# Which Pressure canner should I get?



## Tessynae (May 13, 2006)

I'm fairly new to canning and have never used a pressure canner. I've looked at reviews and such but would love to know what you guys think. All-American and Presto seem to be the highest rated online. I trust the reviews/suggestions on this forum much, MUCH more than on Amazon or Consumer Reports. 

Thanks


----------



## Macybaby (Jun 16, 2006)

You'll find the same results here - Presto and AA. What you are going to use as a heat source will make a difference. AA is not recommended for glass top stoves, Presto is not recommended for propane (turkey fryer type) burners. 

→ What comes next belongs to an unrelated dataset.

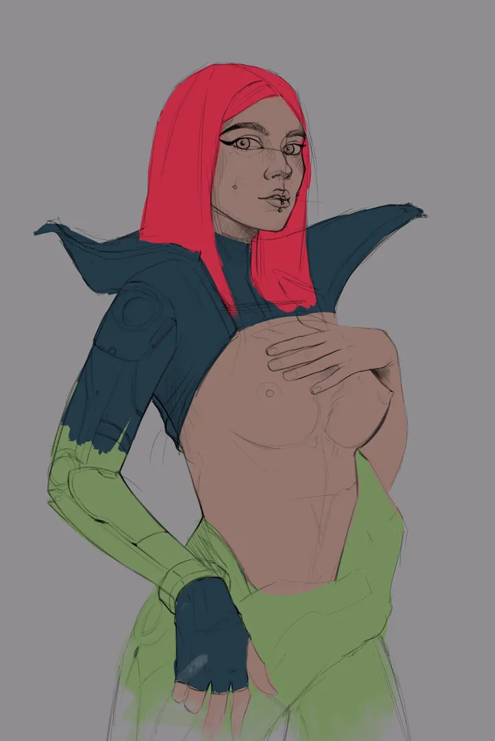 And finally comes the really cyberpunk, the mechanical arm, here was where I looked for the brightest colors that the color circle could give me and I applied them without compassion to that metallic texture, but at the same time I combined it with some tones similar to her skin as if trying to show that at some point she tried to hide that her arm is not natural or what do I know. I also had this large area of empty skin right on the girl's abdomen that I didn't want to fill with futuristic or mechanical elements, so I opted for a tattoo, not one as defined as the ones I did for the Onis series of paintings, but with a quite attractive design.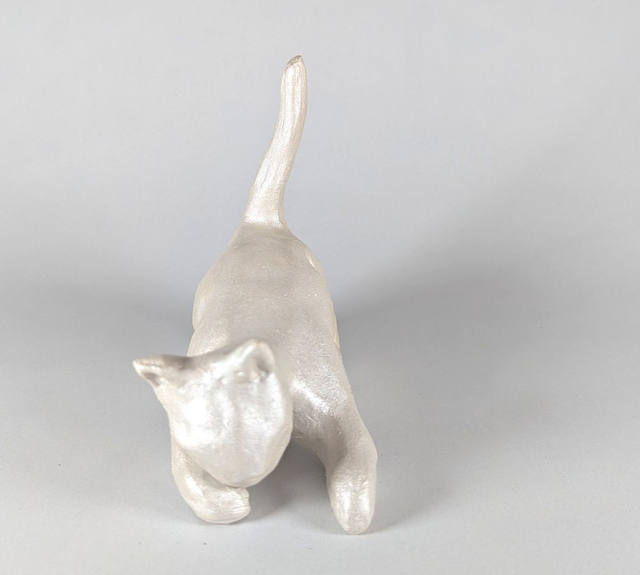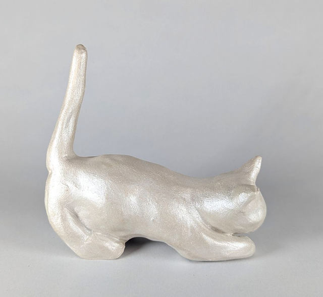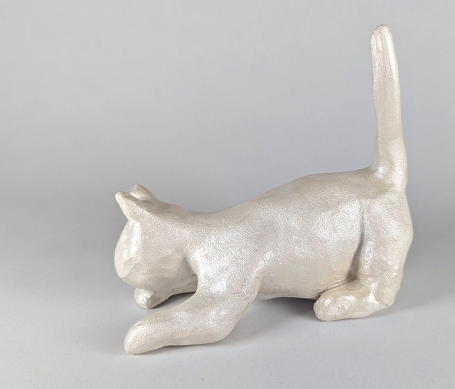 Chat qui joue, blanc irisé. Sculpture céramique modelée et peinte à la main en France.

The overall consensus is the 21/23 qt is better than the 16qt (you can do a double stack pints and BWB quarts) they are the same diameter, the larger one is taller.

And if you get the Presto with the gauge, also buy the three piece weight set.

I bought the AA, then bought two prestos. I use all three, but prefer the Presto because it has a release valve that drops with the pressure reaches Zero. The gauge on my AA (three years old) does not return to zero anymore, so I'm guessing if it's depressurized, and that is the only thing I don't like about the AA.


----------



## suitcase_sally (Mar 20, 2006)

Get a Mirro and you won't have to deal with gauges.


----------



## Guest (Feb 24, 2012)

Buy the 921 AA canner............


----------



## blynn (Oct 16, 2006)

Just got a 921 AA, and love it. I thought it would be nice to not have to deal with gaskets. Haven't had any experiance with any other types, so can't really compare them.


----------



## arrocks (Oct 26, 2011)

Another vote for the Presto 23 quart and the 3 piece weight set. I use my AA 921 too but prefer my Presto.


----------



## strawberrygirl (Feb 11, 2009)

I have a Mirro. It is easy to use and has held up well over the years. Honestly, I would love to have an AA if I buy a new one. My neighbor has the AA, and the quality seems a bit better.


----------



## Texasdirtdigger (Jan 17, 2010)

I have several All American.....They are my favs.


----------



## TripleD (Feb 12, 2011)

I got the AA 921 and it works great. I was real nervous but started with meats 1st and went to veggies ... It is my only canner so I cant say about any others. It did take me 5 months to try my new canner out... lol


----------



## suitcase_sally (Mar 20, 2006)

You can buy 3 Mirros for the price of one AA. They all do the same thing. Just because you pay big bucks for the AA, doesn't mean your product will taste better.


----------



## Fourthistles (Feb 24, 2003)

I think it also depends on how many people you are canning for. I have had a smaller Presto (weight type) for 34 years now and it has been perfect for my family of 4. It holds 10 pints or 5 quarts and I can mostly in pints for us. I would never get a full load for one of those larger canners.


----------



## Tessynae (May 13, 2006)

Thank you all so much! I think I'm gonna go with the AA. I really appreciate the advice!


----------



## Marilyn (Aug 2, 2006)

Wise choice. I trust my AA 921 completely, and selected it because of the ability to do a double layer of pints. However, if I purchase another, it will be the 16 qt because I got into a discussion with a couple shopping at Lehmans. They were fortunate enough to have both sizes and said they use the smaller most of the time because it attained pressure/and dropped it, much faster. They just didn't can a lot in pts and seldom had enough to use a second layer.


----------



## hercsmama (Jan 15, 2004)

Another vote for the AA 921, I have several.


----------



## Texasdirtdigger (Jan 17, 2010)

Wise choice, good for you!


----------